From the records below, extract only the lines running from the line with "Овочі тут явно" to the line with "In the heart", both lines included, reproducing them exactly.

Extracted records.
BEGIN

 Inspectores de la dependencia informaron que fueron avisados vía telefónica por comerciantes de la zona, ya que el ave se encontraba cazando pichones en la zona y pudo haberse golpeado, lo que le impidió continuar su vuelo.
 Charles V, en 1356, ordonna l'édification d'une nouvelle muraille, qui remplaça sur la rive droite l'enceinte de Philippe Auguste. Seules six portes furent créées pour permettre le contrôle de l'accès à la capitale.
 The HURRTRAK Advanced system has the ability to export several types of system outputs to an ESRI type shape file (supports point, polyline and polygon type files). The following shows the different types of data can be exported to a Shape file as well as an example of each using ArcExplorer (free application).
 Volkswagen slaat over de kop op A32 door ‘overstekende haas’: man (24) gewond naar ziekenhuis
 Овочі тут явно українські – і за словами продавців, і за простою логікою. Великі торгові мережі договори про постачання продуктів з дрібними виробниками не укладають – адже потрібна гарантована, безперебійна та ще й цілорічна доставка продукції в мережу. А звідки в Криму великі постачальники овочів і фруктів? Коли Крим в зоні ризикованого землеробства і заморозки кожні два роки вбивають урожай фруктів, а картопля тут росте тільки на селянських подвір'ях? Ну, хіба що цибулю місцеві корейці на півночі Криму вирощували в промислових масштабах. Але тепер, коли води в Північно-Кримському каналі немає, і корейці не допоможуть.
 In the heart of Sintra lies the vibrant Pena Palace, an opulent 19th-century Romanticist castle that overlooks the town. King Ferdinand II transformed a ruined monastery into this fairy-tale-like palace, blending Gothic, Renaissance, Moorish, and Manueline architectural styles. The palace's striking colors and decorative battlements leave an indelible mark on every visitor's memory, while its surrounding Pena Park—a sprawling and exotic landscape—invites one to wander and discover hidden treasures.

END
BEGIN

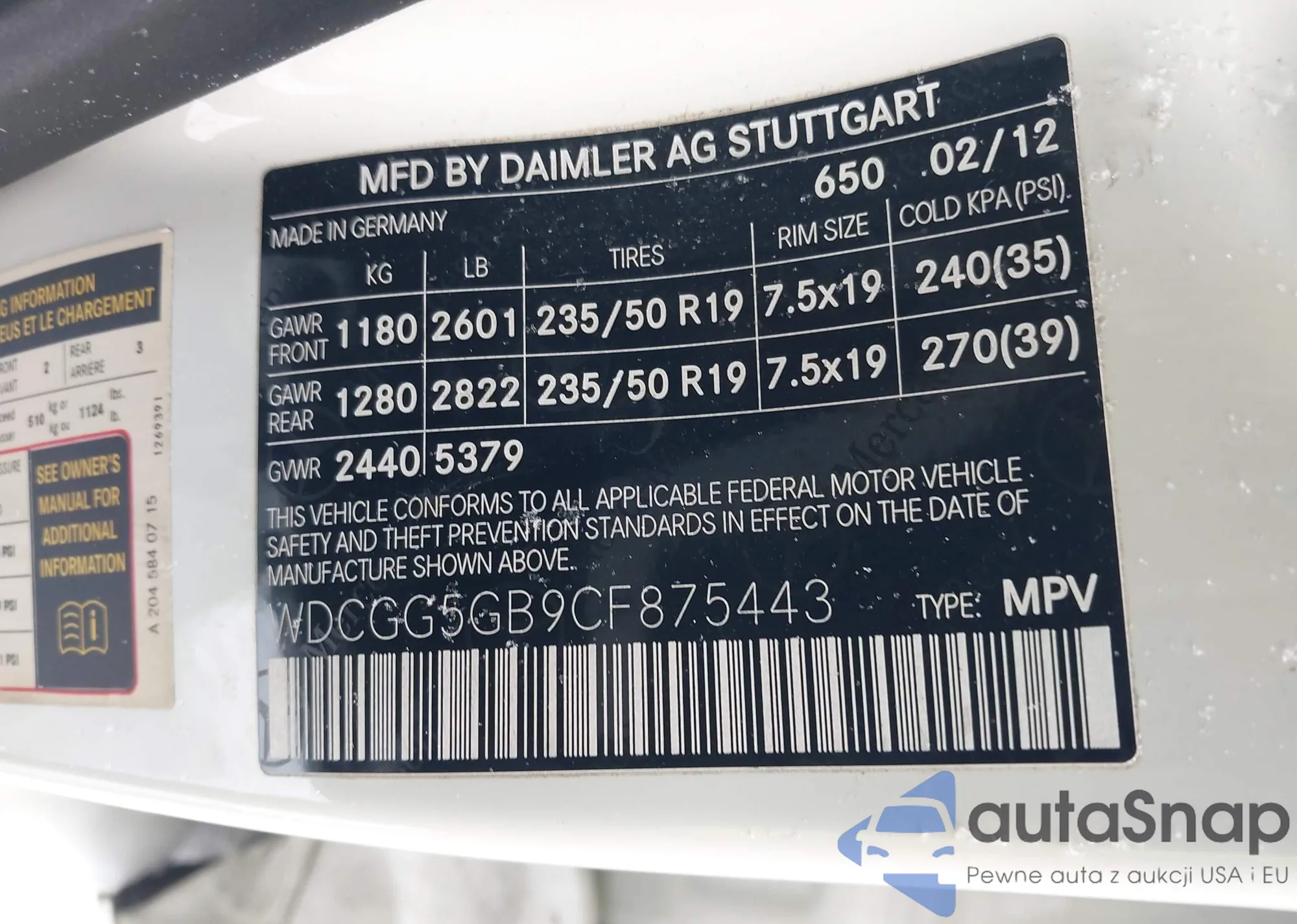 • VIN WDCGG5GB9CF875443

END

Task output.
 Овочі тут явно українські – і за словами продавців, і за простою логікою. Великі торгові мережі договори про постачання продуктів з дрібними виробниками не укладають – адже потрібна гарантована, безперебійна та ще й цілорічна доставка продукції в мережу. А звідки в Криму великі постачальники овочів і фруктів? Коли Крим в зоні ризикованого землеробства і заморозки кожні два роки вбивають урожай фруктів, а картопля тут росте тільки на селянських подвір'ях? Ну, хіба що цибулю місцеві корейці на півночі Криму вирощували в промислових масштабах. Але тепер, коли води в Північно-Кримському каналі немає, і корейці не допоможуть.
 In the heart of Sintra lies the vibrant Pena Palace, an opulent 19th-century Romanticist castle that overlooks the town. King Ferdinand II transformed a ruined monastery into this fairy-tale-like palace, blending Gothic, Renaissance, Moorish, and Manueline architectural styles. The palace's striking colors and decorative battlements leave an indelible mark on every visitor's memory, while its surrounding Pena Park—a sprawling and exotic landscape—invites one to wander and discover hidden treasures.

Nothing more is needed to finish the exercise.